The House Homeland Security Subcommittee on Oversight, Investigations and Management examines military base security and lessons learned from the 2009 terrorist attack at Fort Hood, Texas.
On November 5, 2009 a gunman killed 13 people and wounded 29 others on the base. Army psychiatrist Nidal Malik Hasan has been charged in the shooting.
The hearing looked at the breakdowns in various federal agencies that led to the attack at Fort Hood, as well as the U.S. Intelligence Community's ability to identify terrorist threats and share information in time to stop attacks before they occur.
"Accurate information was not shared between the Department of Defense, the Federal Bureau of Investigation and other agencies, which led to an incomplete picture and a less than robust investigation of someone who was, as his peers have referred to him, a ‘ticking time bomb,'" Subcommittee Chairman Michael McCaul (R-Texas) said of the attack.

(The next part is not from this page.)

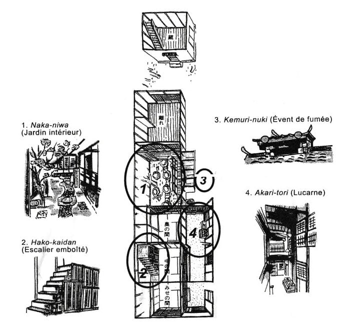 1. Le fameux jardin intérieur, appelé naka-niwa, fait littéralement le pont entre la maison principale, une pièce détachée (qu’on appelle hanare) et une pièce d’entreposage (kura) à l’arrière. Le tout offrant un accès à la salle de bain et aux toilettes.

Witnesses included: Douglas Winter, deputy chairman and editor-in-chief, William Webster Commission; Irshad Manji, director, Moral Courage Project, Robert F. Wagner Graduate School of Public Service, New York University; Michael Leiter, former director, National Counterterrorism Center; and Kshemendra Paul, program manager, Information Sharing Environment, Office of Director of National Intelligence.